Puesto que la dinámica del Qi afecta por igual a estructuras, funciones, emociones y psique, y puesto que el mismo movimiento afecta lo superficial, lo profundo, lo grande y lo pequeño, los chinos antiguos dedicaron mucho tiempo, atención y sensibilidad para interpretar y estructurar dichas relaciones; es decir, para ser capaces de inferir el funcionamiento interno (todo) a partir de las apariencias (parte). Ello les permitió desarrollar la capacidad de detectar las variaciones en el interior del organismo a partir de modificaciones que pudieran ser observables desde fuera: concretamente el aspecto de la lengua (que es diferente en cada persona, y que se modifica con los diversos estados del sujeto), y la cualidad de los pulsos percibidos en el canal radial del individuo. El examen de la lengua y los pulsos son pilares básicos en el diagnóstico energético del paciente.
Asimismo, los antiguos médicos acupuntores dedujeron que el Qi anima todo el organismo en unas oleadas precisas y rítmicas que, en superficie predominan, secuencialmente, en unos trayectos que denominaron "canales", y que fueron traducidos como "meridianos".
Hay estudios que han objetivado la existencia de los meridianos mediante la inyección en su seno de un marcador isotópico (Tecnecio 99). El Tecnecio inyectado sigue los trayectos de los canales de acupuntura, los cuales no se corresponden con ninguna estructura anatómica orgánica (arterias, nervios, venas, etc.).

Sobre los meridianos parecen "resonar" fenómenos generales internos. Por ejemplo, los mecanismos de "absorción del mundo exterior" —tanto a nivel alimentario como psíquico— resonarían sobre el canal de Zu Yang Ming / Estómago. Si esta dinámica está impedida, el individuo que padece dicho bloqueo puede sufrir tanto dificultades digestivas (náuseas, vómitos, digestiones lentas y pesadas, etc.), como dificultad para "digerir" los sucesos externos (rechazo psíquico, rumiación de los pensamientos, etc.).

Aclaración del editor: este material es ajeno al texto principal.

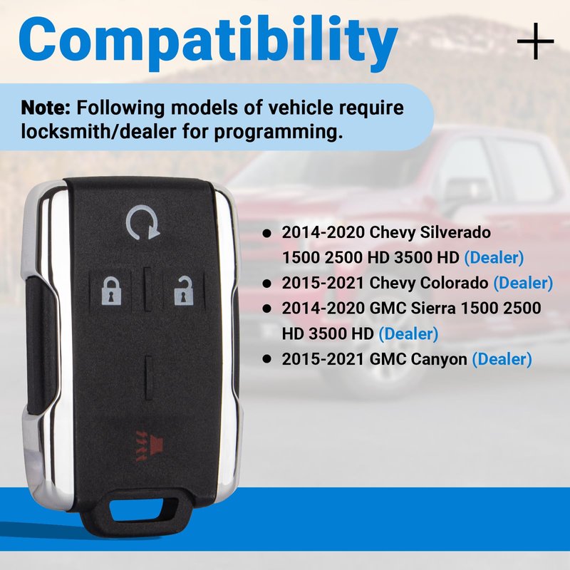 - Applicable Vehicle Type: This key is compatible with 2014-2020 Chevy Silverado | 2014-2020 GMC Sierra 1500 2500 3500 2500HD 3500HD|2015-2021 GMC Canyon| 2015-2021 Chevrolet Colorado Please check our product description for more details.
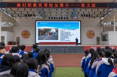 2024年3月15日上午, “在这里被唤醒——秭归县职业教育中心优秀校友推介”活动又一次隆重举行。优秀校友张义波为学弟学妹们作了题为《人生因奋斗才前行》的事迹报告。张义波是职教学子的优秀代表,曾获得“中国好人”、“中国大学生自强之星”、“全国优秀共青团干部”、“中国青年志愿者优秀个人奖”、“全国母亲河绿色卫士奖”、“湖北省道德模范”、“湖北青年五四奖章”、“荆楚楷模”“全省向上向善好青年”等二十多项荣誉称号。

Los meridianos tienen zonas precisas donde el Qi está más concentrado (como "nudos" de Qi): los denominados "puntos de acupuntura", de un diámetro en superficie de 2mm, que serían locus de resonancia de movimientos muy precisos de Qi. Lo único que se ha evidenciado de los puntos de acupuntura es que son zonas de baja resistencia eléctrica en la piel. Los médicos acupuntores los identifican por su localización precisa, y por ser zonas levemente deprimidas, con un tacto más fino a nivel cutáneo. Por ejemplo, hay 45 puntos en el canal de Zu Yang Ming / Estómago, que se corresponden con aspectos específicos de la integración del mundo exterior por parte del sujeto vivo.

Cada punto es la referencia de un movimiento. En virtud de esa resonancia, cuando una función está impedida, el punto correspondiente puede ser doloroso o sensible a la presión (lo cual es útil para el diagnóstico). Inversamente, su adecuada estimulación mediante una fina aguja de metal, permite restablecer la función alterada.